Nuclear crowding, overlapping, grooving, INCI and chromatin clearing are seen to a variable extent in S/T PTC [2, 3, 7]. However, studies have found that the nuclei, in some cases, might appear round and darker [9, 10]. This forms another pitfall, with a possibility of rendering an alternate diagnosis including follicular neoplasm/suspicious of follicular neoplasm . The current case also showed many areas with round, darker nuclei associated with microfollicles (Figure 1h). An important and close differential of S/T PTC is PDTC, especially in cytology . PDTC may also show a similar trabecular/solid, cohesive pattern on cytology. However, classic nuclear features of PTC rule out PDTC . The current case showed both nuclear grooves and an occasional INCI. Histologically, PDTC is characterised by increased mitotic figures (≥3/2 mm2) and/or necrosis . These features are infrequently appreciated in cytology, making classic PTC nuclear features the essential reliable element to distinguish between S/T PTC and PDTC in cytology [7, 12].
Figure 1. (a and b): Trabeculae and solid nests of tumour cells with focal endothelial lining (arrow) (MGG stain, (a) ×100; (b) ×400); (c): Gross image of total thyroidectomy specimen showing the solid tumour in right lobe of thyroid; (d to f): Cyto-histologic correlate; the trabecular pattern in cytology (d) resembles a similar pattern on histology (e) and focal microfollicular pattern in cytology (f) corresponds to abortive follicles on histology.
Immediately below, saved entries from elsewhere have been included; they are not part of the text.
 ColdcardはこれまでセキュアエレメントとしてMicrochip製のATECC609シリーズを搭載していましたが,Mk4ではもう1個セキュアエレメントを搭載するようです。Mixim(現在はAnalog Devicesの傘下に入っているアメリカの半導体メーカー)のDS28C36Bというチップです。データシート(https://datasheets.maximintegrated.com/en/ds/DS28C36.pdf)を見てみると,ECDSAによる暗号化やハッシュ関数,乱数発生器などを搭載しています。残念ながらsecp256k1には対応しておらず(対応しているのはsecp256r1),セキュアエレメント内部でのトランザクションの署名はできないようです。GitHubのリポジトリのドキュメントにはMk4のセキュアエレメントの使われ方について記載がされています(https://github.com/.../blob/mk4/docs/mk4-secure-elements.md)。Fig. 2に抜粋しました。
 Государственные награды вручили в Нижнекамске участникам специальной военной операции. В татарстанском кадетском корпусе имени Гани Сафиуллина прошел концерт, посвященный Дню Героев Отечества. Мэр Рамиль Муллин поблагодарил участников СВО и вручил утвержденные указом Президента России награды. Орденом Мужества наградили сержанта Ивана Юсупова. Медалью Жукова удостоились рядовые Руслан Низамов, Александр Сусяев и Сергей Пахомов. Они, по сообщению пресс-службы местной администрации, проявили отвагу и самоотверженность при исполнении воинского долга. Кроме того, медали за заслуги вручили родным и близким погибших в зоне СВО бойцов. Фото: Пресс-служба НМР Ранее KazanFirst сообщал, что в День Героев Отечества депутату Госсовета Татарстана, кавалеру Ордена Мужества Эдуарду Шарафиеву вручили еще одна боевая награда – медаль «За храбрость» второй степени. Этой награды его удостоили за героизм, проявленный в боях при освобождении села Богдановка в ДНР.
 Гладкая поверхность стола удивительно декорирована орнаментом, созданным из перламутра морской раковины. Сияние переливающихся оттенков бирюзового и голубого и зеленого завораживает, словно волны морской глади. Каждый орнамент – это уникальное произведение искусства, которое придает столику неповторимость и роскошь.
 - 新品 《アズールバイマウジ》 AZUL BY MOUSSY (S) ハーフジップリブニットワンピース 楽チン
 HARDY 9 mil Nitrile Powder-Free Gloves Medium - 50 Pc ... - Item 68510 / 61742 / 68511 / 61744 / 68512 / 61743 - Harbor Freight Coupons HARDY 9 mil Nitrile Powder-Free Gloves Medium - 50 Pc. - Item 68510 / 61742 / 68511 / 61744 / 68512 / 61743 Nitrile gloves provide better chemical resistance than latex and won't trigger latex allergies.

An endothelial cell lining the trabecula is shown (arrow) in (d). Mitosis is shown (arrow) in (e). ((d), (f) MGG stain, ×400; (e) HE stain, ×400); (g to i): Nuclear grooving (black arrows) and INCI (red arrow) ((g), (h) Pap stain, ×400; (i) HE stain, ×400).
Figure 2. (a): Tumour exhibiting capsular invasion (HE stain, ×40); (b): Focus of DHGTC with four mitotic figures in single HPF (arrows) (HE stain, ×400).
WHO has introduced a new category called ‘DHGTC’, which shows features of papillary or follicular carcinoma with mitotic count ≥5/2 mm2 and/or necrosis . DHGTC has an aggressive clinical outcome intermediate between that of well-differentiated thyroid carcinoma and anaplastic thyroid carcinoma . The current case showed mitotic count 8/10 HPF (2 mm2), which was seen only in one section of the completely submitted tumour nodule. Vural et al  noted mitotic rate ≥5/10 HPF on histological sections of S/T PTC in 3/28 cases (10.7%), while Nikiforov et al  found mitotic rate 1–6/10 HPF in 5/20 cases (25%). Studies on cytological features of S/T PTC did not find mitotic figures [7, 10, 11]. It is worthwhile to note that in histological sections, increased mitosis with solid/insular architecture may lead to an erroneous diagnosis of PDTC, partially fulfilling the Turin consensus criteria. However, the presence of conventional nuclear features of PTC in such a case favours a diagnosis of DHGTC . The presence of focal mitotic hotspots, as noted in the current case, highlights the importance of taking adequate sections of the tumour.
DHGTC may arise from high-grade progression of differentiated thyroid carcinomas (DTC), as evident in the current case or de novo. Progression from an existing DTC explains the prevalence of driver mutations in DHGTC which are also found in the corresponding DTC. In addition, late event mutations are responsible for the progression to high grade. Most of the DHGTC cases show BRAF p. V600E mutations with late changes of TP53 and TERT promoter mutations . Patients of DHGTC require intense treatment and active follow-up . The 5-year disease-specific survival for DHGTC is 70% .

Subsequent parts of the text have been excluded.